I believe there is no memory or performance penalty.
On the other hand, you may want to consider using WriteableBitmap for background drawing. The advantage is that, if you have large number of background objects, say one tile per cell, it is far more efficient to render them into WriteableBitmap (which is
then used as an Image source for the background). Make sure you don't re-render them to the WriteableBitmap on a per-frame basis though, since WriteableBitmap is slow compared to native SL rendering of controls. But if you use it as a background -- say make
it 3X the size of the screen and re-render it whenever it is about to scroll out of scope, which is much more infrequent than the frame rate -- it should be fast. I think you can even arrange it to be redrawn (slightly ahead of getting out of scope) during
"less busy" times, and this may further avoid jittery.
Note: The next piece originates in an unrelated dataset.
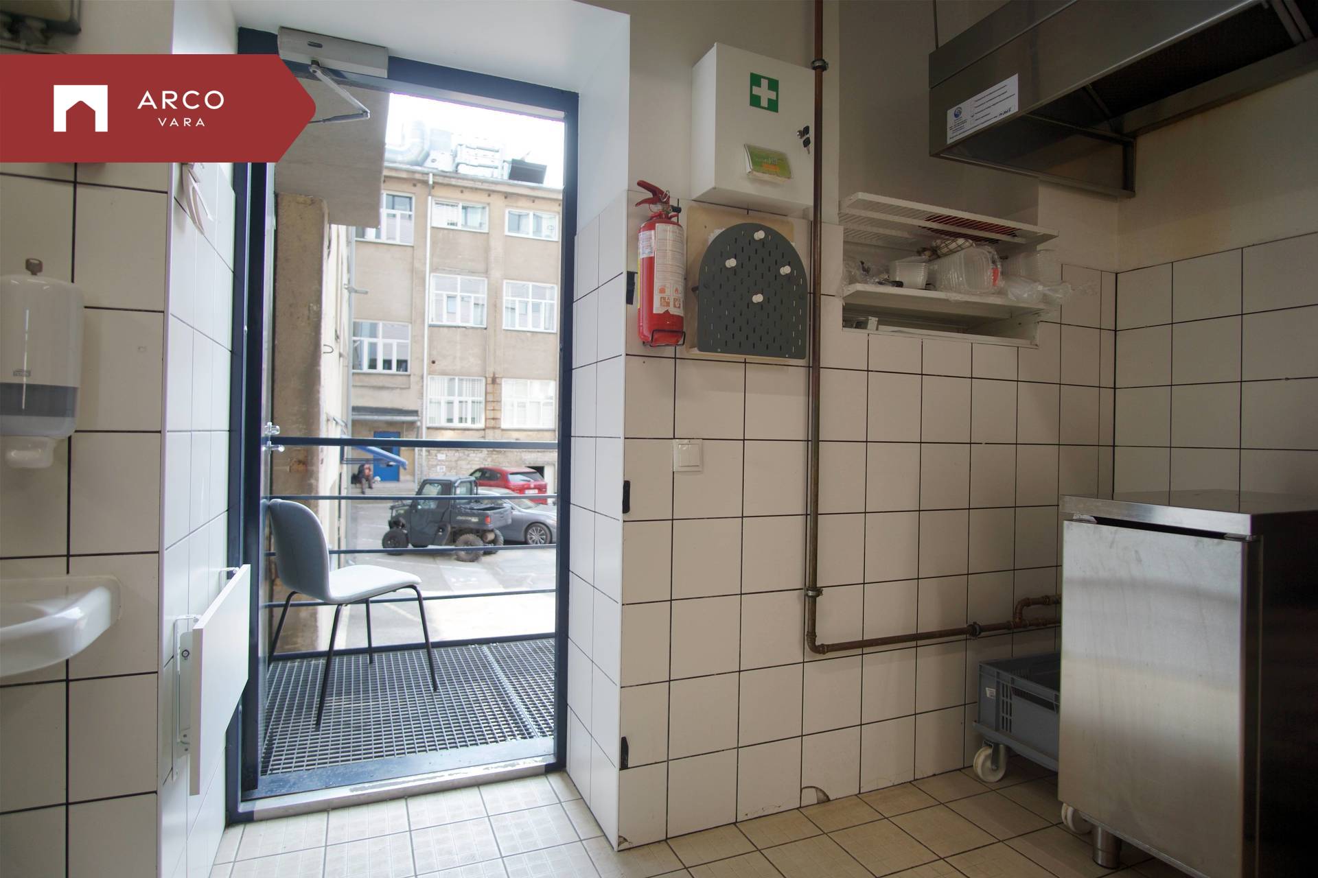 The premise comes with the possibility of parking and unloading raw materials in the yard of the building behind the barrier.

Visit http://www.tagxedo.com, a Silverlight-based word cloud generator. If you like it, please help me spread the word!
God i hate these forums, they dont have quote buttons either... who has a forum without paging and quote buttons in this day and age?
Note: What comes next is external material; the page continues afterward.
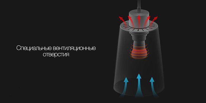 Специальная структура рассеивает тепло через верхние вентиляционные отверстия, позволяя воздуху свободно циркулировать внутри, это позволяет значительно увеличить жизнь лампы, в том числе LED.

A few things based on what you have said so far:
You mentioned that you had them all sharing the same bitmapsource, but unfortunatly behind the scenes i dont think silverlight shares anything, it will just keep copying the data, so you wont gain any speed there (but i could be wrong).
The Canvas.Top/Left vs RenderTransform argument... this is an interesting one and had the exact same problem when i started, and unfortunatly you need to use both... On its own canvas.top/left will position you anywhere you want *On Screen*, however as you
will be scrolling you will need to set the render transform to be the offset *Off Screen*. I think i kinda lost my mind at one point and broke it all for the sake of it...
The question about having one rendertransform or multiple... im currently using one for each object on screen but they are shared, (So i have a virtual camera class that contains the current translation and its always updated in there, note that i mean its
always updated and not overridden, that way the rest of them dont keep creating new translationtransforms every movement)... but now that you mention it i may be going the completely wrong way and rather than getting each smaller thing to translate get the
big thing to translate...
Dont really know about the canvas size question, i only have a small canvas but have a quadtree style structure to define what is on the screen. Rather than looping through all element each movement though i have a rect that is a movement buffer, so rather
than saying what is *In View* it will check whats in view and a little bit more, so when i start to scroll im not going to need to update my viewable tiles instantly, so lets say my tiles are 32x32 i would give it a 64x64 boost to the viewing bounds rect so
i would pull in some additional tiles that are off screen. This causes a little overhead but gives MASSIVE performance benefits because you only need to update what is on screen after you have moved > 32 pixels. This also is combined with an overridden quadtree
object which contains some caching, so rather than going through each list and turning them on and off, it remembers what was previously viewable and pushes them onto a list, then finds what else is viewable then works out what to turn off and on, so it wont
turn off anything that is already on then turn it back on, it just does what it needs to.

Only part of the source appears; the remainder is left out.